Posted to commits@buildstream.apache.org by ro...@apache.org on 2020/12/29 13:38:01 UTC
[buildstream] 06/08: sandbox: Add initial SandboxBuildBox
This is an automated email from the ASF dual-hosted git repository.
root pushed a commit to branch willsalmon/buildbox
in repository https://gitbox.apache.org/repos/asf/buildstream.git
commit f2426abed88209afc5ca9f06ef2095c784ae326e
Author: Jürg Billeter <j...@bitron.ch>
AuthorDate: Wed Aug 8 14:35:25 2018 +0200
sandbox: Add initial SandboxBuildBox
---
src/buildstream/_platform/linux.py | 25 +++
src/buildstream/sandbox/_sandboxbuildbox.py | 247 ++++++++++++++++++++++++++++
src/buildstream/sandbox/_sandboxbwrap.py | 2 +-
src/buildstream/sandbox/sandbox.py | 16 ++
4 files changed, 289 insertions(+), 1 deletion(-)
diff --git a/src/buildstream/_platform/linux.py b/src/buildstream/_platform/linux.py
index b69dd45..b400bfa 100644
--- a/src/buildstream/_platform/linux.py
+++ b/src/buildstream/_platform/linux.py
@@ -24,6 +24,7 @@ from .. import utils
from ..sandbox import SandboxDummy
from .platform import Platform
+from .._exceptions import PlatformError
class Linux(Platform):
@@ -31,6 +32,7 @@ class Linux(Platform):
def _setup_sandbox(self, force_sandbox):
sandbox_setups = {
'bwrap': self._setup_bwrap_sandbox,
+ 'buildbox': self._setup_buildbox_sandbox,
'chroot': self._setup_chroot_sandbox,
'dummy': self._setup_dummy_sandbox,
}
@@ -67,6 +69,7 @@ class Linux(Platform):
# Private Methods #
################################################
+ # Dummy sandbox methods
@staticmethod
def _check_dummy_sandbox_config(config):
return True
@@ -81,6 +84,7 @@ class Linux(Platform):
self.create_sandbox = self._create_dummy_sandbox
return True
+ # Bubble-wrap sandbox methods
def _check_sandbox_config_bwrap(self, config):
from ..sandbox._sandboxbwrap import SandboxBwrap
return SandboxBwrap.check_sandbox_config(self, config)
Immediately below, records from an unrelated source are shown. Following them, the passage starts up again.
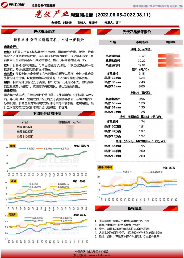 光伏產(chǎn)業(yè)周監(jiān)測(cè)報(bào)告系索比咨詢(xún)對(duì)于光伏產(chǎn)業(yè)鏈上下游價(jià)格的監(jiān)測(cè)與預(yù)報(bào),幫助企業(yè)獲得最實(shí)時(shí)的參考價(jià)格。每周除了對(duì)硅料、硅片、電池片、組件、輔材等價(jià)格進(jìn)行追蹤和分析外,亦關(guān)注下游招標(biāo)動(dòng)態(tài),并對(duì)后續(xù)市場(chǎng)趨勢(shì)做出研判。
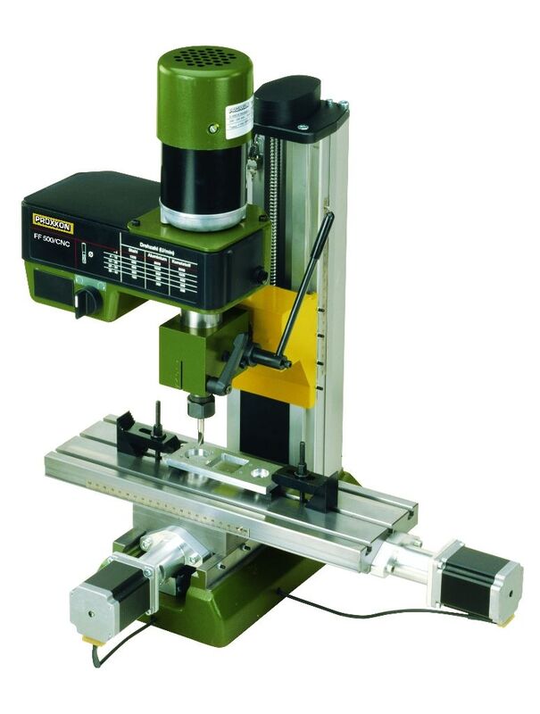 400W. 50/60Hz. Spindle speeds 200 - 4,000rpm. Throat 125mm. Sleeve stroke 30mm. Column 120 x 100 x 430mm. Table 400 x 125mm. Transverse range vertical (Z-axis) 220mm, transverse (X-axis) 310mm, depth (Y-axis) 100mm. Dimensions: H = 750mm, W = 550mm, D = 550mm
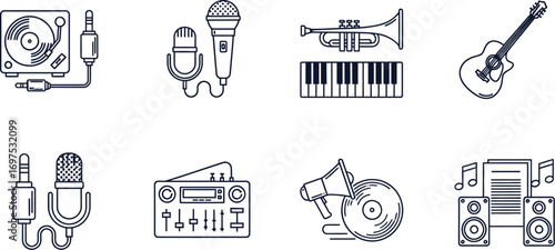 Stylish line art vector illustration featuring musical instruments and audio equipment for creative projects and media design
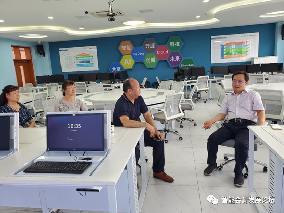 座谈会期间,西安财经大学商学院副院长陈淑芳教授、商学院会计系主任贡晓军教授希望借鉴我院AI背景下的会计改革和智能会计实验室建设经验,期翼借船出海、变道超车,走出一条和我院协同发展的改革之路。应两位教授的要求,王爱国院长对我院智能会计改革进行了全景式回顾,包括专业名称的缘起、培养方案论证、智能会计方向班招生模式、智能会计系列教材论证和编写及出版、申请教育部目录外专业愿景规划、智能会计改革产业协同和国际协同、智能会计研究中心体制机制构建、智能会计发展国际高峰论坛举办等。
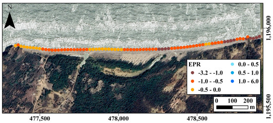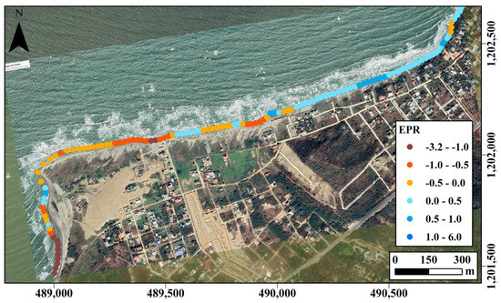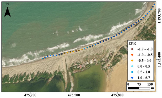 Figure 2 presents the analysis of the evolution of the coastline between 2003 and 2019 through the representation of the values of the rate of movement of the coastline (EPR-DSAS). In general, the beach of Santa Verónica presents moderate accretion, varying between 1.00 and 6.70 m/year of progradation in the analyzed period. Sectors with erosion can be identified to the west with high rates between −1.70 and −1.00 m/year.
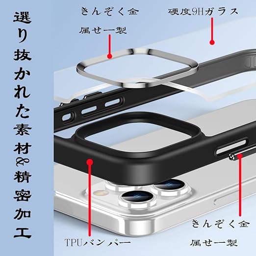 【超高耐衝撃性】背面は非常に硬いPC素材で作られています,高い耐衝撃性を持て、携帯電話を全方位からしっかりと守ります、 カメラレンズ周りは、1.5mm高く設計されており、レンズを摩擦や傷から保護します。
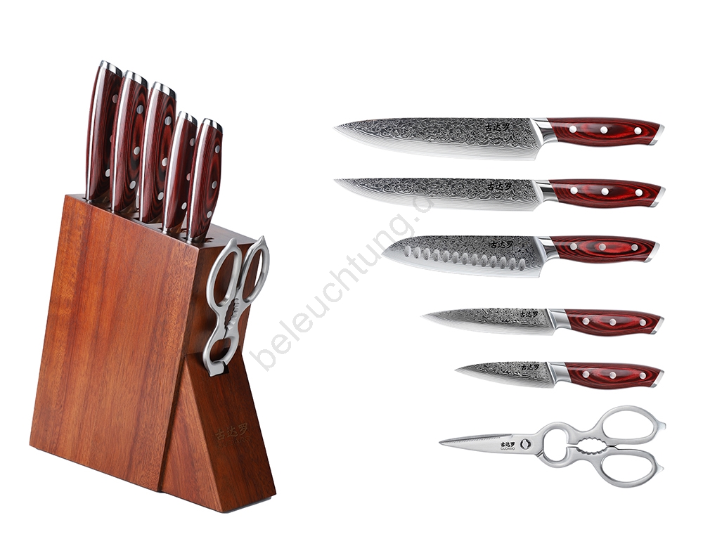 Blöcke, Halterungen und Schärfgeräte, Damast, Gudaro, Haus und Garten, Haushalt, Haushaltsgeräte, Küchenutensilien, Marken, Messer, Sets
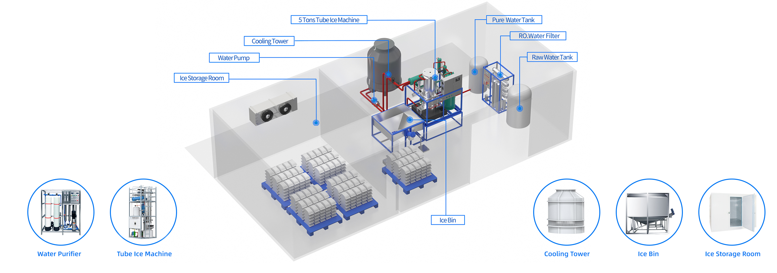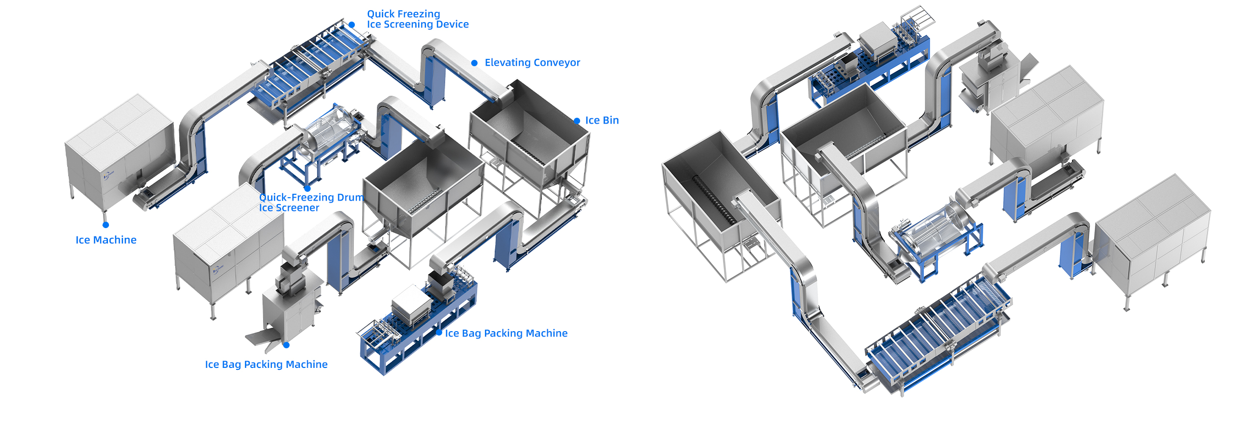 يتم وضع خط الإنتاج بأكمله في تخزين بارد نظيف وصحي ، مما يقلل من فقدان الجليد في العملية بأكملها.
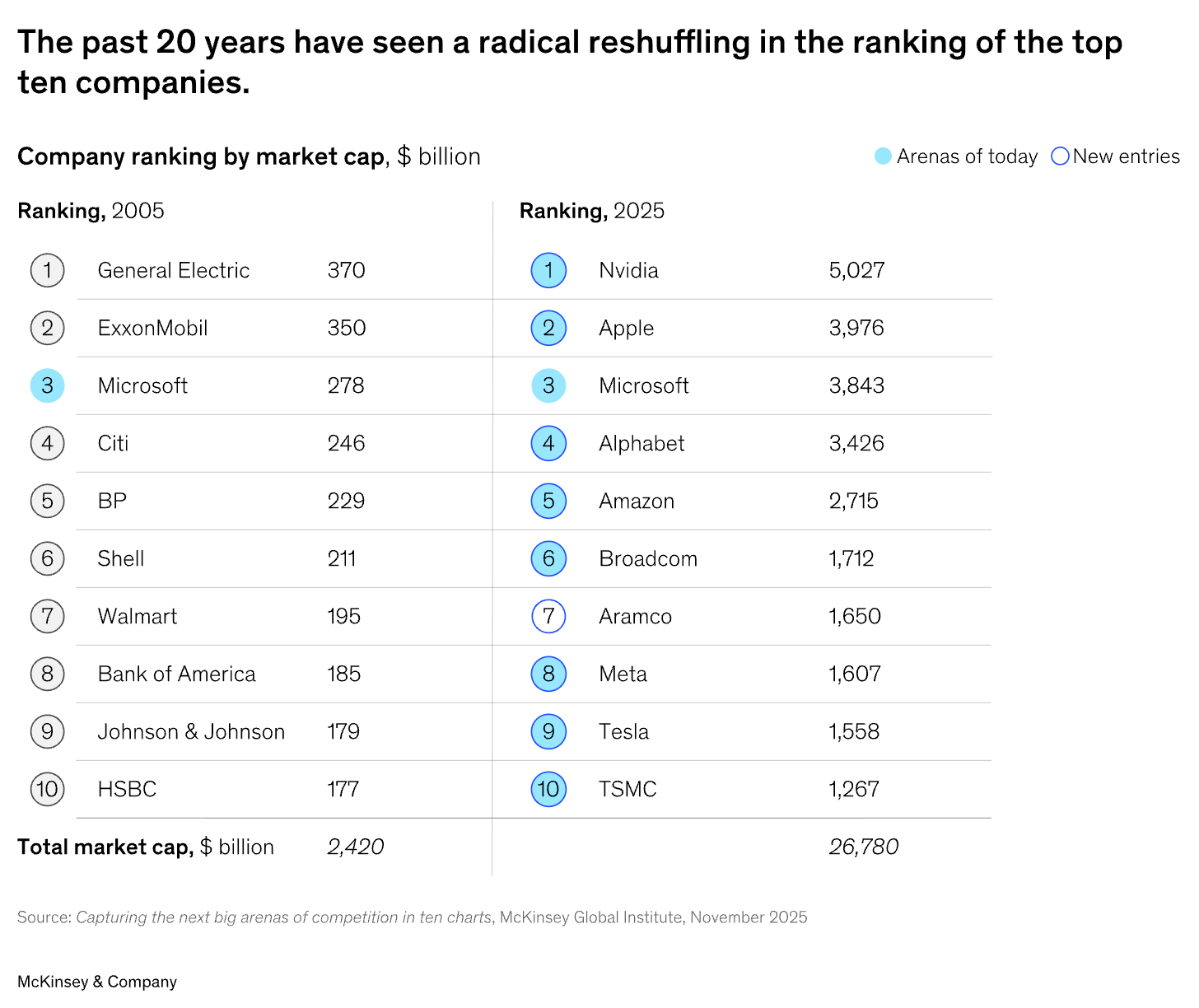 The corporate landscape has transformed radically in 20 years, with only one company remaining in the top ten most valuable list, while 2025’s leaders are worth roughly ten times their 2005 predecessors.
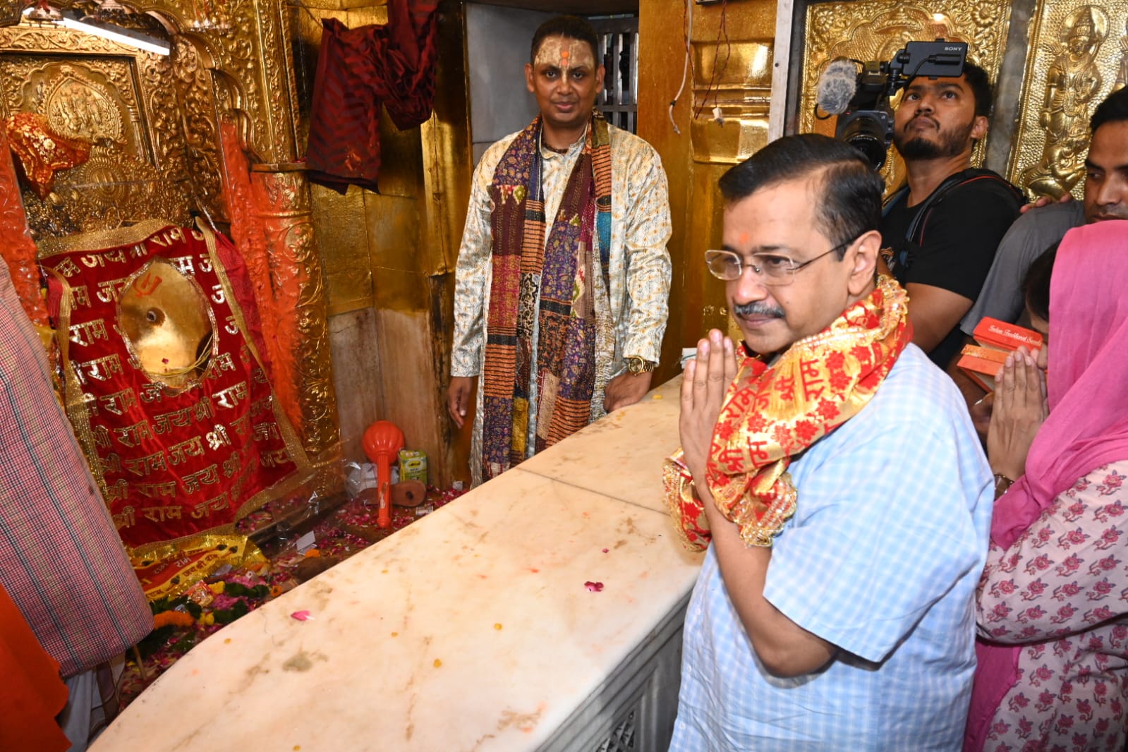 - केजरीवाल ने मंदिर में पूजा-अर्चना की। पुजारी ने दिल्ली सीएम को दिया एक गदा और प्रसाद।
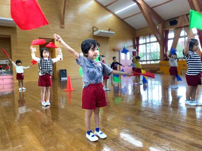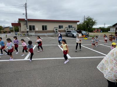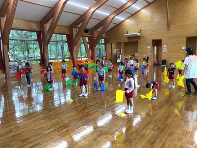 年中さんは、遊戯室で運動会の練習です。上手になってきました。
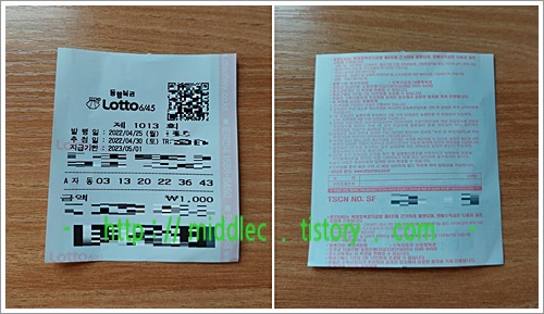제가 산 '로또 1013회 자동' 복권의 결과는 '번호 두 개가 일치하는, 꽝'이었습니다. ㅠㅠ
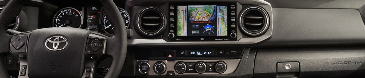All Tacoma trims feature Toyota Safety Sense with adaptive cruise control, a pre-collision system, lane departure warning, and automatic high beams. TRD Sport adds an auto-dimming rearview mirror, while the Limited has a blind spot monitor with rear cross-traffic alert, panoramic view camera system, and rear parking assist. The TRD Pro has an exclusive multi-terrain monitor with camera.
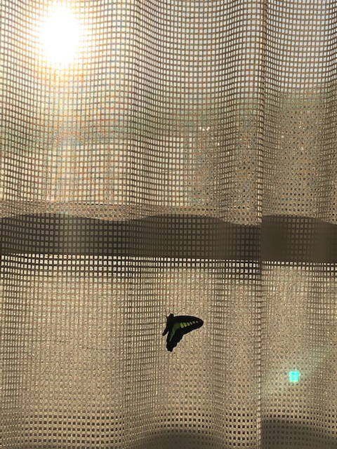 夜は壁か天井にとまって眠っていますが、朝ベランダ窓のカーテンを開けると、飛んできてレースのカーテンにずっと留まっています。
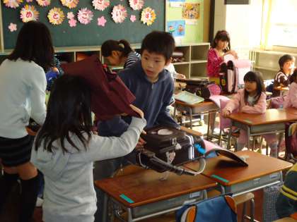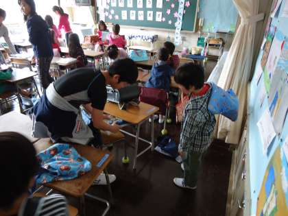 でも安心です。頼もしい6年生が笑顔で迎えてくれます。なれない朝の準備も、手とり足とり教えてくれます。
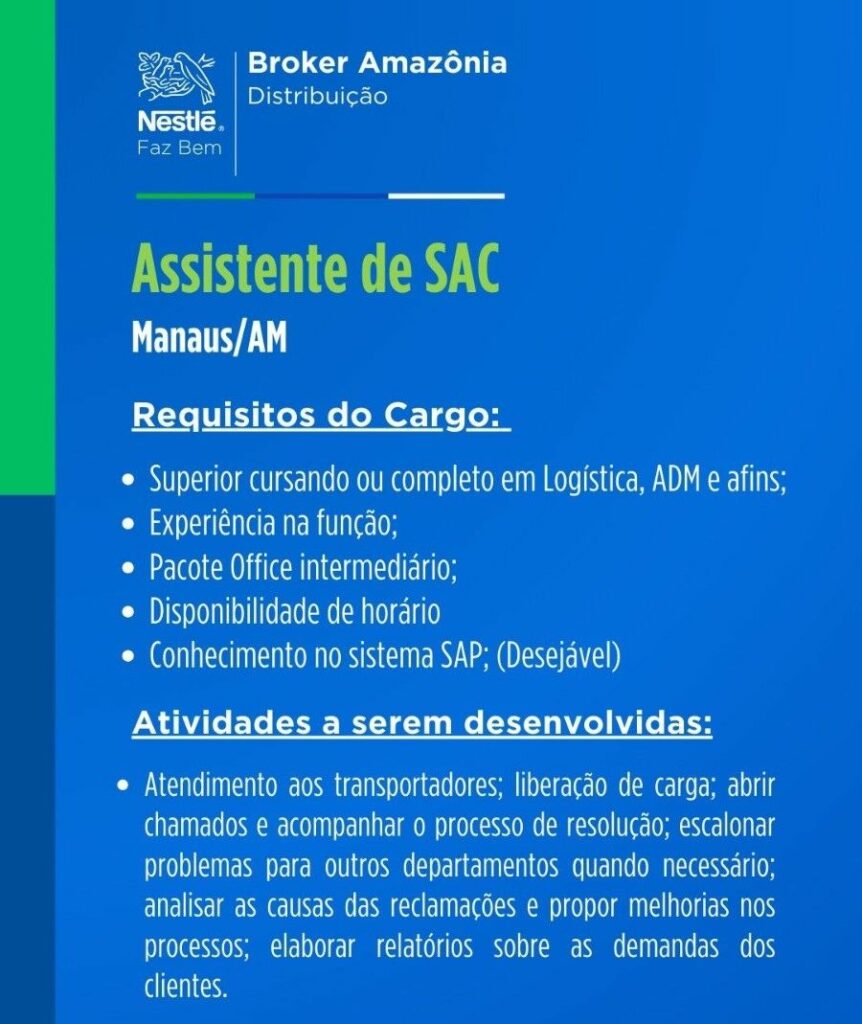 Broker da Amazônia seleciona Assistente de sac; Envie seu currículo!
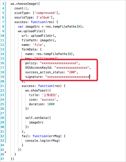 说明 小程序上传主要是计算signature和policy,具体实践中建议用户在服务端进行相关签名的计算后返回给小程序,现提供
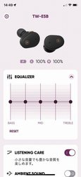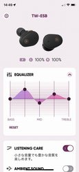連続再生時間は、イヤホン単体で約8.5時間、ケースでの充電を含め約30時間。本体はIPX5相当の生活防水に対応している。ほか、専用アプリとして、新開発の「Headphone Control」が用意され、バッテリー残量などの状態確認や各種機能のオン/オフ、イコライザー設定などが可能。中でもイコライザーは、パラメーターを大きく変化させた場合でも全体的な音のバランスが破綻しないようこだわって設計しているとのことだ。
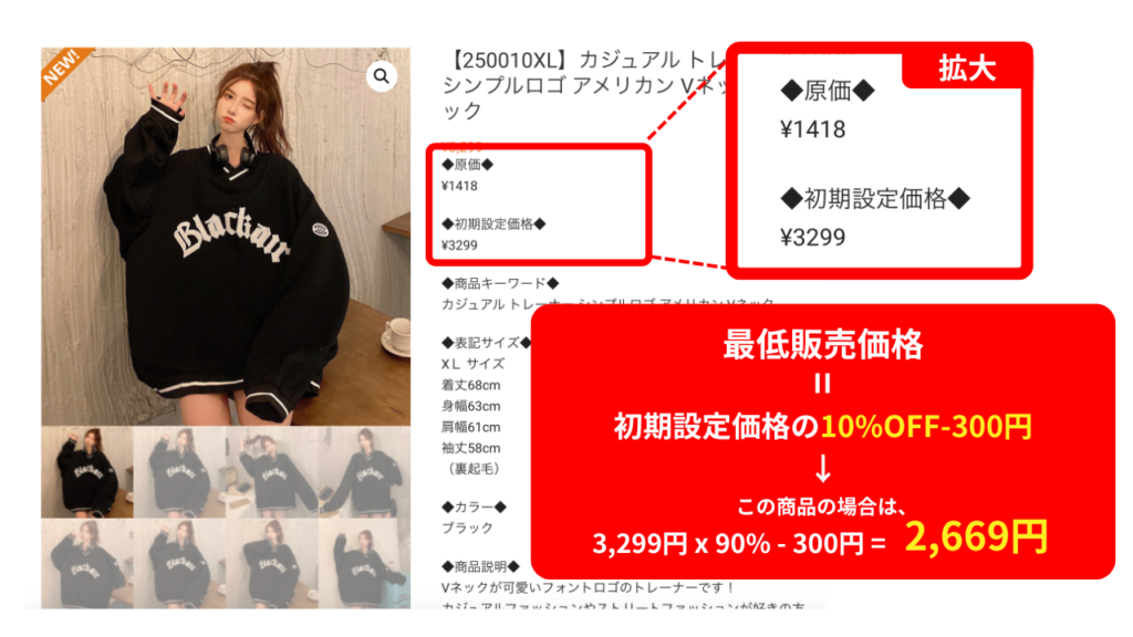 最低販売価格とは、弊社の物販ビジネスを行う上で「これ以上は値下げしないでね」という価格です。それぞれの商品ページに記載されている価格に対し10%オフ+300円引きまでの価格を下限とし、その価格を1円でも下回った場合は、売れても弊社から発送することができません。最低販売価格は必ず計算して、下回らないように値引きしていきましょう。
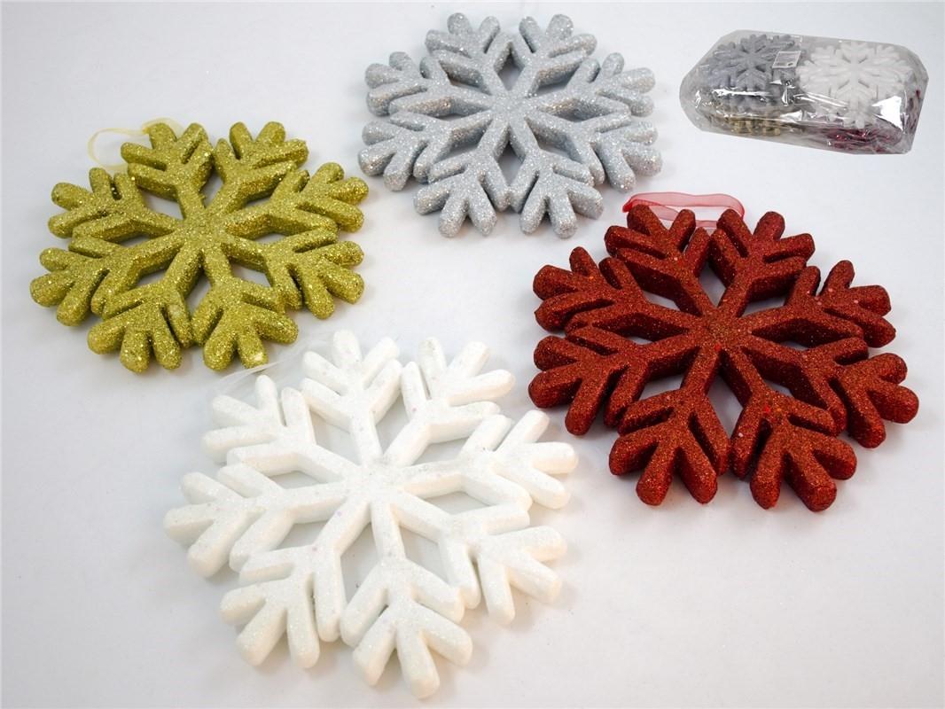 Set de Copos de Nieve Decorativos Brillantes – 4 Colores Festivos
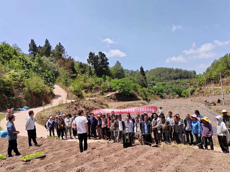 在烤烟移栽会现场,烤烟生产技术辅导员进行了现场培训,就移栽、配药、覆膜等环节种植技术进行了详尽的讲解和现场操作示范。

@@ -103,6 +107,7 @@ class Linux(Platform):
self.create_sandbox = self._create_bwrap_sandbox
return True
+ # Chroot sandbox methods
def _check_sandbox_config_chroot(self, config):
from ..sandbox._sandboxchroot import SandboxChroot
return SandboxChroot.check_sandbox_config(self, config)
@@ -118,3 +123,23 @@ class Linux(Platform):
self.check_sandbox_config = self._check_sandbox_config_chroot
self.create_sandbox = Linux._create_chroot_sandbox
return True
+
+ # Buildbox sandbox methods
+ def _check_sandbox_config_buildbox(self, config):
+ from ..sandbox._sandboxbuildbox import SandboxBuildBox
+ return SandboxBuildBox.check_sandbox_config(self, config)
+
+ @staticmethod
+ def _create_buildbox_sandbox(*args, **kwargs):
+ from ..sandbox._sandboxbuildbox import SandboxBuildBox
+ if kwargs.get('allow_real_directory'):
+ raise PlatformError("The BuildBox Sandbox does not support real directories.",
+ reason="You are using BuildBox sandbox because BST_FORCE_SANBOX=buildbox")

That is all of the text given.